Real validation is —
Sitting in a jeweller's shop in your city.
Showing him your product on your phone.
Watching his face — not listening to his words.
Because an Indian small business owner will say "haan bhai achha hai" even if he has zero intention of paying.
Watch the face. Not the words.
3 validation lessons I learned the hard way:

  1. "Would you use this?" is a useless question
    Ask instead — "When did you last feel this problem?"
    If they can't remember a specific moment — it's not a real pain point.
  2. Free users lie. Paying users don't.
    Getting someone to try your product free tells you nothing.
    Getting someone to pay ₹199 tells you everything.
  3. Build the riskiest assumption first
    My riskiest assumption was — "jewellers will trust AI generated images enough to use them for selling."
    I should have tested THAT first. Before building anything else.
    What I'd do differently from Day 1:
    — Week 1: Visit 20 jewellers in my city personally
    — Week 2: Show them a manually created mockup — not even a real product
    — Week 3: Ask for payment before building
    — Week 4: Then start building
    Simple. Obvious. I didn't do it.
    Question for this community:
    What was YOUR most expensive assumption that turned out to be wrong?
    And how early did you catch it?
    Would love to hear — especially from founders who are building for non-tech customers.
    Building in public from Saharanpur, India 🇮🇳
posted to Icon for group Show IH
Show IH
on May 15, 2026
  1. 1

    the 'watch the face not the words' thing is so true. ran a hosting biz for 18yrs and my most expensive assumption was that ppl who hit usage limits would just upgrade if I emailed them. they didnt — they churned silently. once I started calling them before they hit the wall instead of after, upgrade conversion got way better. ur 'when did you last feel this' reframe is exactly right imo. how do u plan to keep that habit once u cant physically walk into every jeweller's shop?

  2. 1

    This is gold. Thanks for sharing, Suhail.
    I can't call myself a founder, but I've failed enough to resonate with you from my side projects.

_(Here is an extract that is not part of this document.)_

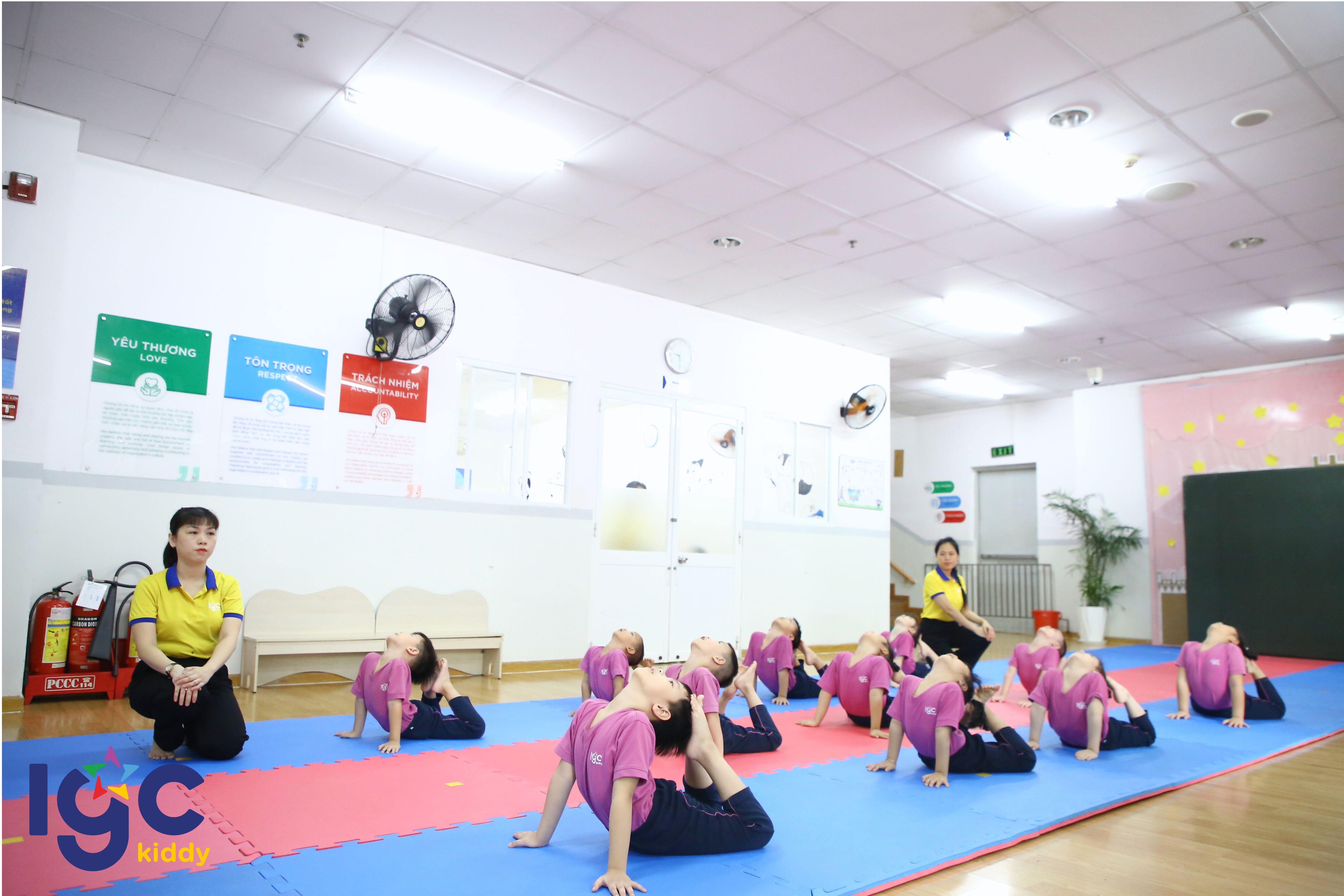 ✅30 phút mỗi ngày – nền tảng vàng cho thể lực và ý chí: Mỗi giờ học là chuỗi bài tập phong phú như xoạc chân, tam giác, làm cầu, nhảy ngựa, lộn chống nghiêng, chồng chuối dựa tường,… giúp trẻ dẻo dai, khỏe mạnh, tăng sức bền và hình thành khả năng vượt khó. ✅ Kỷ luật – Tập trung – Tinh thần: Trẻ học cách lắng nghe, phản xạ nhanh qua các hiệu lệnh bằng còi; rèn tác phong nghiêm túc và tính tự giác – những yếu tố tạo nên sự tự tin và bản lĩnh. ✅ Giáo dục văn hóa và lễ nghi: Ngay trong mỗi buổi học, trẻ được làm quen với văn hóa chào hỏi, học cách thể hiện sự tôn trọng và lễ phép – một giá trị nhân cách quan trọng trong triết lý giáo dục IGC Kiddy. ✅Cơ sở vật chất: Không gian học được trang bị các thiết bị đạt chuẩn, đảm bảo an toàn tuyệt đối và mang đến trải nghiệm vận động hiện đại, chuyên nghiệp.

    What you shared as "Simple. Obvious" is basically the same thing an entrepreneur coach once shared with me in a USD697 per month program. Somehow paying that money still didn't push me enough to just walk out my door and talk to real people.

    So I feel sometimes the real question might be identifying what that mental block is. At the time of writing this, I have no idea.

  3. 1

    This is the part I keep coming back to:

    “Will a painful enough user take an annoying workaround before the polished thing exists?”

    That’s a much better validation bar than “people said it sounds useful.”
    I’m trying to apply this by spending less time explaining the product and more time finding people already describing the pain in their own words.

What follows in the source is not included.